Ayrıca, Gümrük Birliği nedeniyle Türkiye’nin de uyum sağlamak zorunda olduğu Avrupa Yeşil Mutabakatı düzenlemelerine iş dünyası olarak nasıl hazırlanacağımızı anlattığımız ve ilgili bakanlıklarla iş birliği yaptığımız etkinlikler düzenliyoruz. Nitelikli eğitim ise bir diğer önemli çalışma alanımız. Kentimizdeki üniversitelerle iş birliği içinde çok sayıda proje yürütüyoruz. Tüm çalışmalarımızı, sanayinin ve iş dünyasının sorunları ve ihtiyaçları doğrultusunda oluşturduğumuz 8 yuvarlak masamız aracılığıyla şekillendiriyoruz” diye konuştu.

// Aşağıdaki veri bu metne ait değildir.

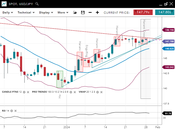 USD/JPY is in the impulsive phase of a bullish trend, with its price above the 20-period VWAP of 146.64. The support level is at 143.54, with resistance at 149.73. The RSI is at 63, suggesting strong bullish momentum, indicating the potential for continued upward movement.
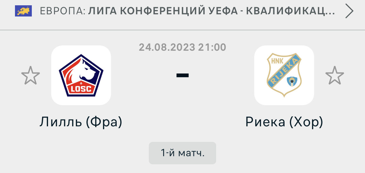 Еще ни в одном из матчей с участием “Лилля” в стартовавщем сезоне не было забито более двух мячей. 67% игр “Риеки”, проведенных на чужом поле, также включали менее трех взятий ворот. Учитывая столь низкую результативность матчей играющих команд, можно рассмотреть для ставки ТМ (2,5) за 1.60.

“İzmir, Ege’nin motor gücü”
Yeni tabloda İzmir iş dünyası hakkında da düşüncelerini aktaran Zorlu, İzmir’i Ege Bölgesi’nin motor gücü olarak gördüklerini söyleyerek, “Ülkemizin dış ticaret açığına pozitif katkı sağlayan, dolayısıyla cari açığımızı azaltan bir kent. 2023 yılında İzmir’in ihracatının ithalatı karşılama oranı yüzde 129’a ulaştı. Bir başka ifadeyle ithalattan çok ihracat gerçekleştiriyor. Bunun yanında, liman kenti olmanın avantajlarına sahibiz.
Ancak hem katma değerli ihracata doğru yönelmemiz hem de liman ve lojistik avantajlarımızı daha verimli kullanmamız gerekiyor. Daha önce de dile getirdiğim üzere “sanayi-ticaret-liman üçlü gelişimi” bizi farklı bir lige çıkarabilir. Bunun dışında coğrafik özelliklerimiz bakımından yenilenebilir enerji, çok şanslı olduğumuz bir alan. Rüzgâr enerjisinde önemli bir yol kat ettik ve bir kümelenme oluştu.
Başta rüzgâr olmak üzere güneş ve jeotermal gibi enerji türlerinde, yenilikçi, inovatif üretim sistemlerine geçersek İzmir’i bu alanda marka haline getirebiliriz. Yaratıcı endüstrilerin yükselişte olduğu çağımızda, İzmir’i öne çıkaracak bir diğer alan ise yazılım ve oyun sektörü olabilir. Kasım ayında düzenlediğimiz ESİAD III. Yatırım Zirvesi’nde ele aldığımız konulardan biri de bu oldu. Bölgemizdeki yazılım ve bilişim kümelenmesine İzmir iş dünyası olarak destek vermemiz gerekiyor. Bunun yanında devletin de bazı vergi avantajları ve destek modelleri getirmesi yararlı olacaktır” dedi.